En un artículo que usted titulaba 'Hallazgos de la Edad Tardía' confiesa que en este momento de su vida aspira al sosiego, a la paz, a la templanza. ¿Objetivo conseguido?

Sí. Lo que pasa es que esto no se lo puedes decir a nadie joven. Tú dices “¿qué es mejor, la pasión o la ternura?”; los jóvenes dicen “pasión”, obviamente. Pero con los años vas aprendiendo que la ternura tiene partes maravillosas que no tiene la pasión. Es la misma diferencia que hay entre un gin-tonic y un chute de heroína; pues yo estoy para el gin-tonic.

Como verá, algunas preguntas están inspiradas en lo que deja escrito. ¿Se cuida de escribir o no según qué cosas?
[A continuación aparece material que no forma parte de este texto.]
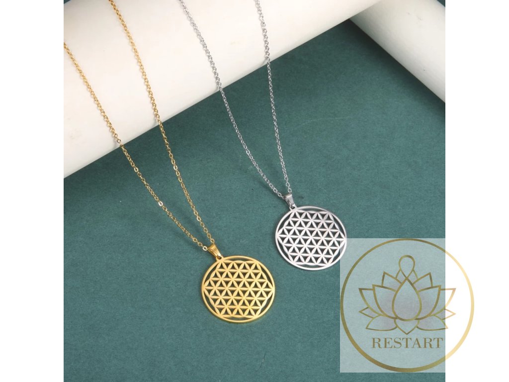 Náhrdelník Květ života v barvě růžového zlata nerezová ocel, nastavitelná velikost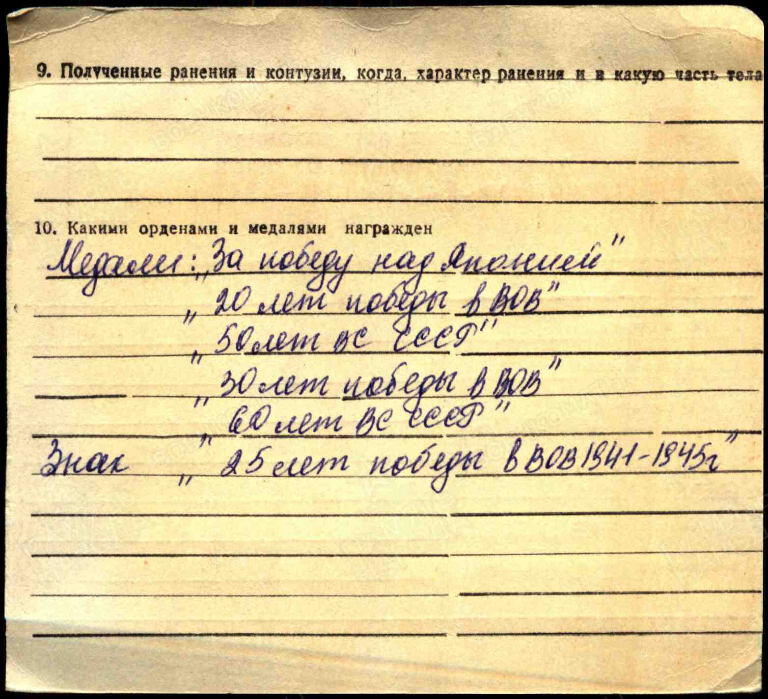 Призван 17.10.1940г.Сретенским РВК, Читинская область. В Великой Отечественной войне участвовал с августа по сентябрь 1945 года. Старшина штурманской боевой части эсминца «Ретивый» 27 береговая батарея БО Тихоокеанский флот. Дата окончания службы: 25.05.1947г.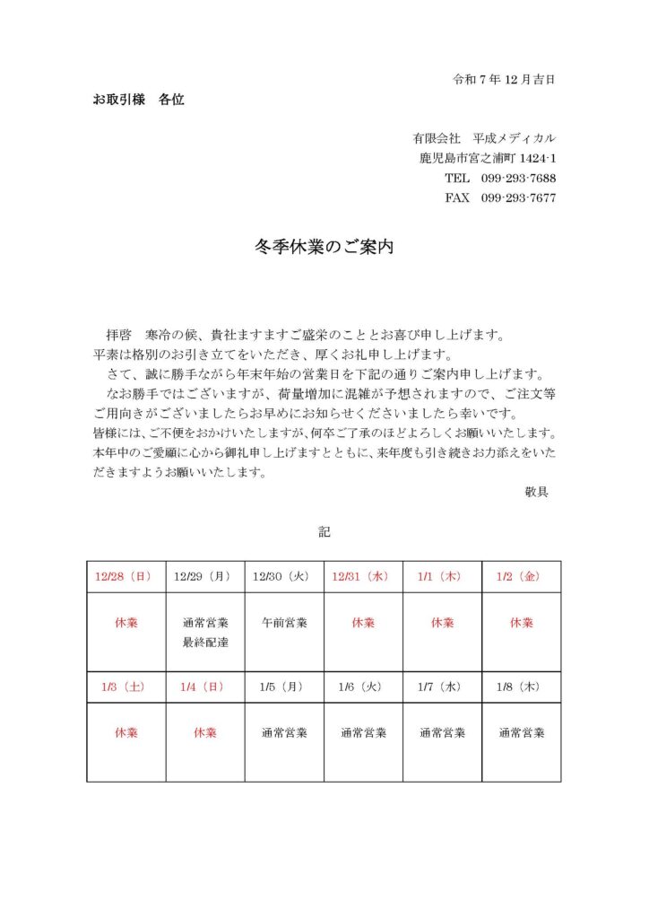 冬季休業のお知らせ 2025.12.01 平素は格別のご高配を賜り誠にありがとうございます。 年末年始の休業について別紙の通りご案内をいたします。 お取引先様には大変ご迷惑をおかけいたしますが、何卒ご了承いただけますようお願い申し上げます。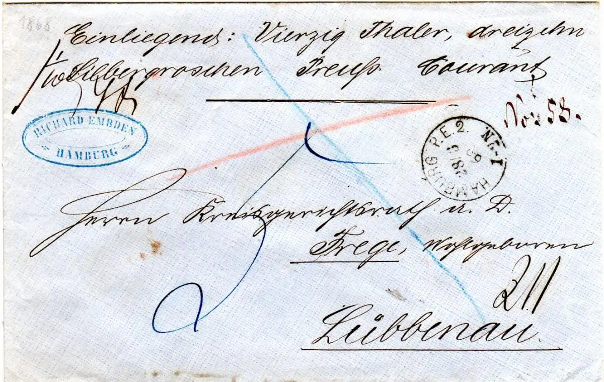 NDP 1869, K1 Hamburg P.E.2 auf Wertbriefumschlag n. Lübbenau. Porto 5 Gr.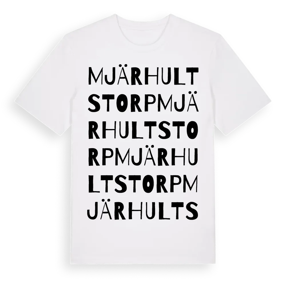 Mjärhultstorp ordlek t-shirt är inspirerad av Mjärhultstorp i Jönköpings län, Sverige. Tröjan är designad för dig som har en speciell koppling till platsen – oavsett om du bor här, har rötterna här eller bara älskar Mjärhultstorp.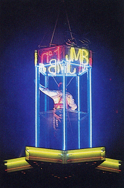 Jean-Michel est présenté au public descendant dans une nacelle en verre après le gonflage d'un BAYLE géant de 8 mètres.

Ahora ya no, pero cuando empezaba, muchísimo. Yo adoraba a mi padre, y mi padre era un gran lector, de ese tipo de personas que aprende ruso para leer a Tolstói y griego para leer a Homero; y siempre dijo que después de lo que habían escrito Shakespeare y Cervantes no había nada que añadir. Así que, que la nena quisiera ser escritora era como una profanación del territorio de mi padre. Entonces, cada vez que escribía algo, mi primer pensamiento era “qué pensará papá”. Y uno de mis profesores de escritura creativa me dijo, tras leer uno de mis cuentos, “Carmen, tú escribes muy bien, pero como no metas aquí un incesto, unas cuantas palabrotas, un sexo salvaje, nunca vas a ser escritora”. Me fui a mi casa y escribí un cuento con esos ingredientes… y funcionó.

Imagine que se olvidan de usted. ¿Qué obra suya mostraría para decir “soy escritora y esto es lo que sé hacer”?

Por romanticismo, daría a leer mi primera novela, Cinco moscas azules, a la que le tengo mucho cariño, porque tardé bastante en escribir novela. Aunque antes sí había escrito una novela rosa con seudónimo. Yo había tenido bastante éxito con otro tipo de libros, como ensayos entre humorísticos y sociológicos, Yuppies, jet set, la movida y otras especies o El síndrome de Rebeca. Y una editorial me propuso escribir una novela rosa, y le dije “¿qué quieres, que arruine mi reputación, con lo que me está costando?”. Y me dijo “no, publícala con seudónimo”. Y me pareció una ocasión buenísima, porque el seudónimo te da mucha impunidad. Y publiqué una novela con todos los ingredientes, tópicos y lugares comunes de la novela rosa y me vino muy bien, porque fue un campo de pruebas muy bueno.

¿Ha evolucionado mucho la Carmen Posadas escritora desde entonces?

Hay cosas en las que mejoras y cosas en las que empeoras. La primeras novelas eran más literarias y tenían más ambición, ahora tengo mucho más oficio y me cuesta menos, antes era un sufrimiento horrendo.